The interest rate period is six-month and the interest will be paid cash at the end of each period ending June 30 and December 31 of each year. The first interest payment will be paid on June 30, 2010.

The Convertible Bonds may be converted into ordinary shares during the periods of conversion. The periods of conversion are March 15-30 and September 15-30, 2012, March 15-30 and September 15-30, 2013 and March 15-30 and September 15-30, 2014.

For the period of conversion of 2012, the conversion price has been set at the average closing price of the share traded in the CSE 30 trading days prior to the start of each period of conversion.

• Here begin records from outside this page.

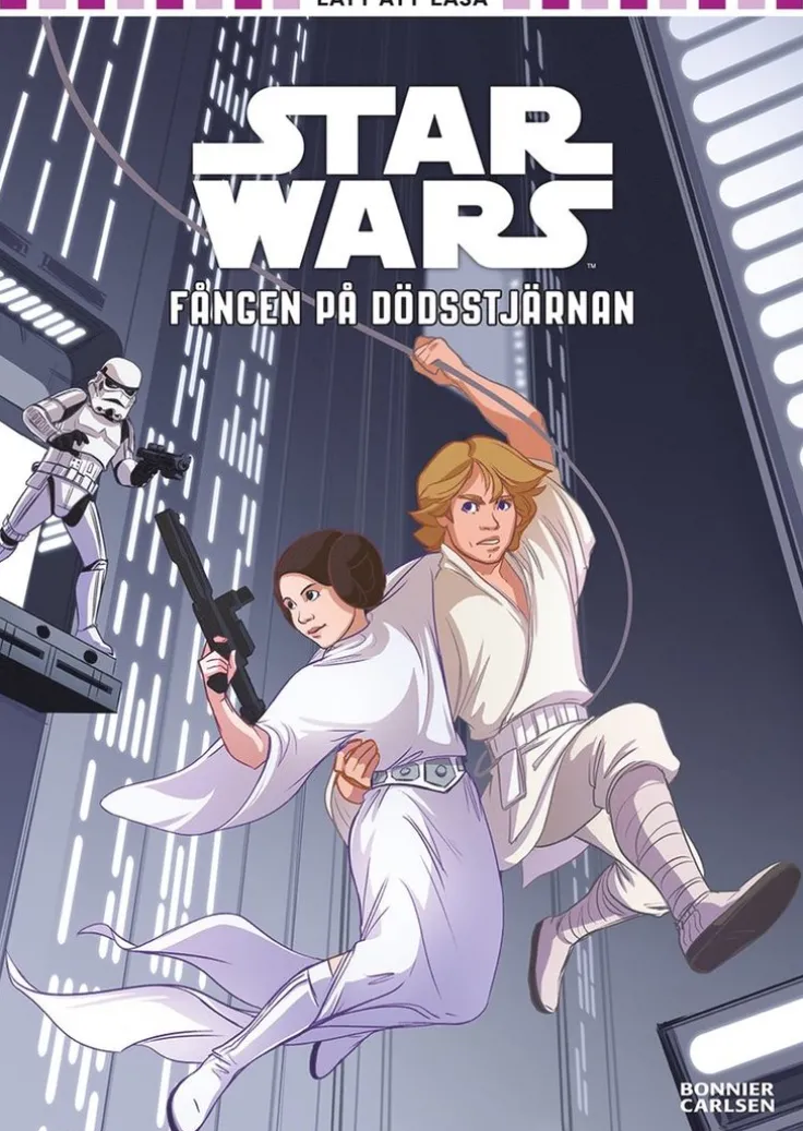 För alla Star Wars-fans: Boken återberättar i lättläst format början av episod IV, ”Nytt hopp”. Tillsammans med sina droider färdas Luke Skywalker och Obi-Wan Kenobi med smugglaren Han Solo och hans medhjälpare Chewbacca. När deras skepp Millenium Falcon fångas på Dödsstjärnan upptäcker de att även Leia är fången ombord. De iscensätter en vågad flyktplan, men blir snart varse att den fruktade Darth Vader är ombord.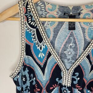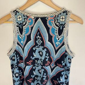 Elegant midi dress with intricate patterns. Sleeveless design. Perfect for casual outings.
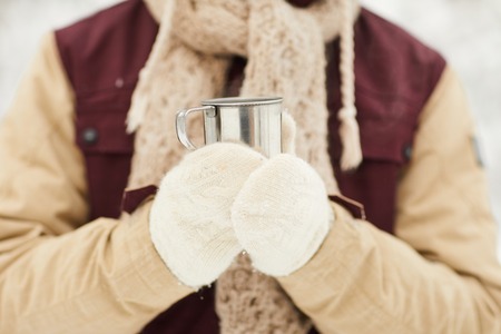 hands in red mittens holding a cup of tea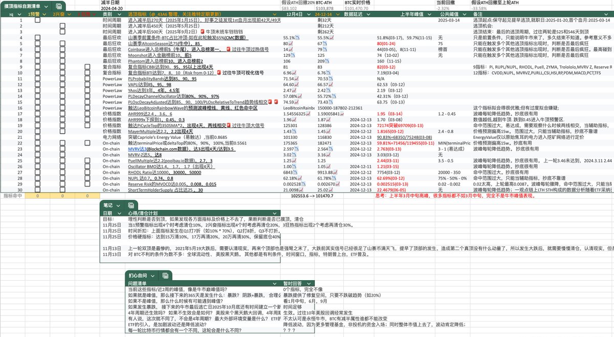 2025 BTC 逃顶指标清单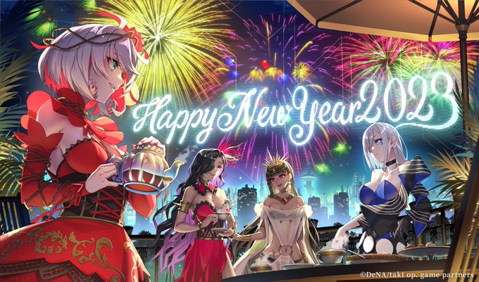 4girls ahoge black_hair blue_dress blue_eyes carmen_(takt_op.) city destiny_(takt_op.) dress fireworks long_hair moonlight_(takt_op.) multicolored_hair multiple_girls night official_art purple_hair red_dress red_hair short_hair sky smile takt_op. takt_op._symphony two-tone_hair very_long_hair white_dress white_hair yellow_eyes

For the conversion periods of 2013, the conversion price has been set at the average closing price of the bank’s share trading in the CSE 30 days prior start of each period of conversion minus 5%. For the conversion periods of 2014, the conversion price has been set at the average closing price of the bank’s share trading in the CSE 30 days prior start of each period of conversion minus 15%.

The Bank has the right for an early acquisition of the Convertible Bond as a whole and not part of it, cash, in its nominal value together with any earned interests on June 30, 2015 or any interest payment date that follows, after the Central Bank of Cyprus approval.

The Convertible Bonds that will be acquired by the Company will be cancelled and the Company ceases to have any obligations in relation to this.

The Board of Directors is authorized to take all necessary measures for the offer and issue of Convertible Bonds, as well as the setting of all other issue terms.

In addition, the Board of Directors is authorized – if deemed necessary taking into account the prevailing conditions before the approval of the issue by the competent authorities – to change the issue terms of the Convertible Bonds as to the interest rate and to increase or decrease it by up to 1%, as well as to change the conversion price by up to 10%.

Pursuant to the provisions of article 60B(5) of the Companies’ Law Chapter 113 and taking into account the Articles of Association, the existing shareholders disclaim their preference rights in relation to the above issue of Convertible Bonds that will remain indisposed after the offer of the Convertible Bonds.

The Board of Directors is authorized to cooperate with the external consultants of the Company in the submission of an application to the CSE and the preparation of the relevant Prospectus for the issue, allocation and listing of the Convertible Bond and the shares that will emerge and will rank pari passu with the existing shares, pursuant to the relevant law and regulations.

Further to the approval of the aforementioned resolutions, the Bank will take all necessary measures to secure the approvals for the offer and the listing of Rights and the Convertible Bonds in the CSE, which include approvals of the a) the Prospectus by the SEC, b) the application for the listing of securities by the CSE. Given that the necessary approvals will be secured, the Convertible Bonds and the Rights as well as the new shares that will result will be listed in the CSE.

The nominal capital of the Bank will remain at €85,500,000 divided into 150,000,000 ordinary shares of nominal value €0.57 each.

We also wish to inform you that after the end of the EGM, the Board of Directors held a meeting and decided to issue Non-Convertible Bonds of 10-year duration of total value of up to €8,000,000 which will be offered with private placement to a limited number of persons who will submit an application of at least €100,000 each. The issue terms will be subject to the Central Bank’s approval. With the issue of bonds, the relevant applications for their listing in the CSE will be submitted to the CSE and the SEC.